STEPS TAKEN We've tried to balance isolating the problem with maintaining a critical service for our users:
* An additional 8GB RAM (and additional CPU) was added to the VM to mitigate the immediate problem - but this was soon swallowed up too.
* Attempting to reproduce this on our equivalent development servers has not been successful, even when subjecting them to load.
* Downgrading to the RHEL packages (1.2.11.15-48 aka 1.2.11.15 B2014.300.2010) as per Noriko's very helpful procedure below (though I stopped the services prior to the downgrade). No obvious difference.
* Rebooting into the previous kernel (2.6.32-431.29.2). This slowed the problem, but only to an extent.
Not attempted yet:
* Turning on debugging on the production servers, as they're in a fragile and sluggish state.
* Building the latest 1.3.x build on RHEL 6. Will be attempting this soon...
* Installing RHEL 7.0 on a fresh VM, as we don't have experience with 7 yet.
* Downgrading to the previous COPRS package, as no longer publicly available(?)

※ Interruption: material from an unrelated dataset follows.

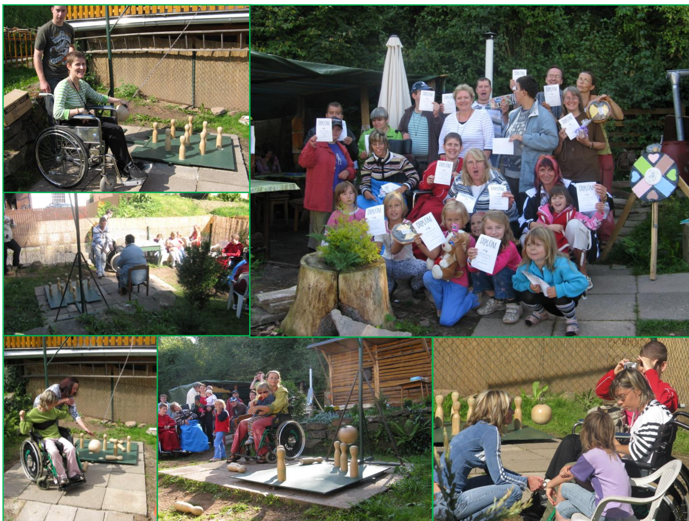
Fotografie z 2009

Pro vyrovnání pozice lidí se zdravotním omezením budou hrát tradičně zdraví lidé na mechanickém vozíku nebo židli.

Please let me know if more information would help...
Kind regards, Steve
From: 389-users-bounces@lists.fedoraproject.orgmailto:389-users-bounces@lists.fedoraproject.org [mailto:389-users-bounces@lists.fedoraproject.org] On Behalf Of Noriko Hosoi Sent: 25 October 2014 00:05 To: 389-announce@lists.fedoraproject.orgmailto:389-announce@lists.fedoraproject.org; General discussion list for the 389 Directory server project. Subject: [389-users] Please take an action: 389 Directory Server 1.2.11.X Discontinued for EL6
389 Directory Server 1.2.11.X Discontinued for EL6
The 389 Directory Server team announces the binary release of 389-ds-base version 1.2.11 for EL6 will be stopped via temporary COPR repository. We encourage you to switch it to the official version included in the Red Hat Enterprise Linux 6 distribution or its equivalent OS.

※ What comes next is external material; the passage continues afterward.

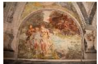
ND.II, Lot und seine Töchter, Wandgemälde, Schlosskapelle, DI027408, BSV
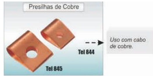
PRESILHAS DE COBRE

How to switch to the official version
Remove a yum repo file which points to the temporary COPR repository (e.g., nhosoi-389-ds-base-epel6-epel-6.repo) from /etc/yum.repos.d.
If the current 389 Directory Server 1.2.11 has the greater build number than 15, for instance, 1.2.11.32, downgrade it once by "yum downgrade" as follows.
yum downgrade 389-ds-base 389-ds-base-libs
Then, upgrade to make sure you have the latest version.
yum upgrade 389-ds-base
After upgrade completes, run setup-ds-admin.pl -u to update your directory server/admin server/console information.
setup-ds-admin.pl -u
See Install_Guidehttp://www.port389.org/docs/389ds/legacy/install-guide.html for more information about the initial installation, setup, and upgrade
See Sourcehttp://www.port389.org/docs/389ds/development/source.html for information about source tarballs and SCM (git) access.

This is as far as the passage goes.